In an era when acronyms and emojis are proliferating in our interactions with each other, Thomas’ love of words is both exhilarating and an early indicator of our love of abbreviation. There is no shortage of beautiful phrasings throughout his works: “Flavoured of celluloid give love to the lie”; “The fruit of man unwrinkles in the stars”, and of course that urgent and oft-repeated refrain “Rage, rage against the dying of the light”. Yet he was also a fan of something distinctly more inventive and well, Dylanesque. His use of unconventional adjectives “snouting, velvet dingles”, juxtaposing imagery “mustardseed sun” and compound words “hotwaterbottled body”, “ramshackle sea” lend his work a lyrical quality, but also demonstrate an ability to bring two – sometimes disparate – notions together into coexistence in one synchronous utterance.

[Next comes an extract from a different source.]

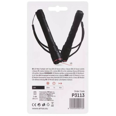 Компактний ліхтар з фокусом P3113 з якісної лінійки алюмінієвих ручних ліхтарів чеського виробника EMOS. У даній моделі використовується лінза для забезпечення рівномірного розподілу світлового потоку при зміні точки фокуса. Як результат - промінь фокусується рівномірно і без темних плям. Прорезиненная клавіша включення оберігає ліхтар від попадання вологи.
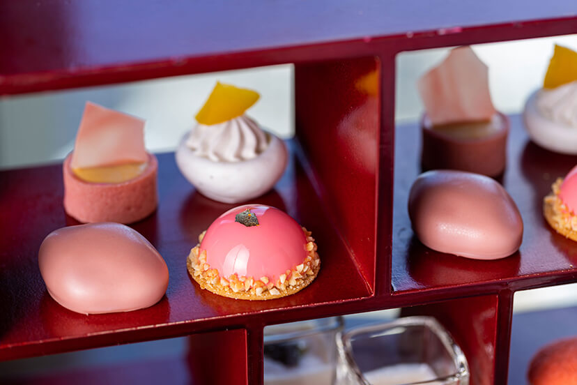 セレブレーションムード溢れる新元号を迎えての初めての夏。 新作アフタヌーンティーは新元号にちなんで「ロイヤルピンク・セレブレーション」をテーマに、 スイーツビュッフェとは異なるラインナップでお送りいたします。 旬のピーチを使用した遊び心あふれる洗練されたスイーツ6種類と、 セイボリーアイテム4種類、 全10種類のメニューを、 コンラッド・アフタヌーンティーのアイコニックな赤い漆を施した和箪笥がモチーフのティースタンドに入れてご提供いたします。

Thomas could reinvent and repurpose words to potent effect. His linguistic experimentations and concise, but richly allusive descriptions give you permission to use language playfully, visually and intellectually and to believe in the power of that language to incite, and excite. Through his work, Thomas provides a template for doing things your own way.

The tagline to Set Fire To The Stars reads ‘Never Meet Your Heroes’, and despite his whiskey-fuelled fall from grace, Thomas remains a hero to many. He might have been embedded into popular culture for his rock star persona, but the enduring appeal of Dylan Thomas lies with his words. Intoxication might be the lexicon through which we understand Thomas, but it’s his poetry which enduringly intoxicates.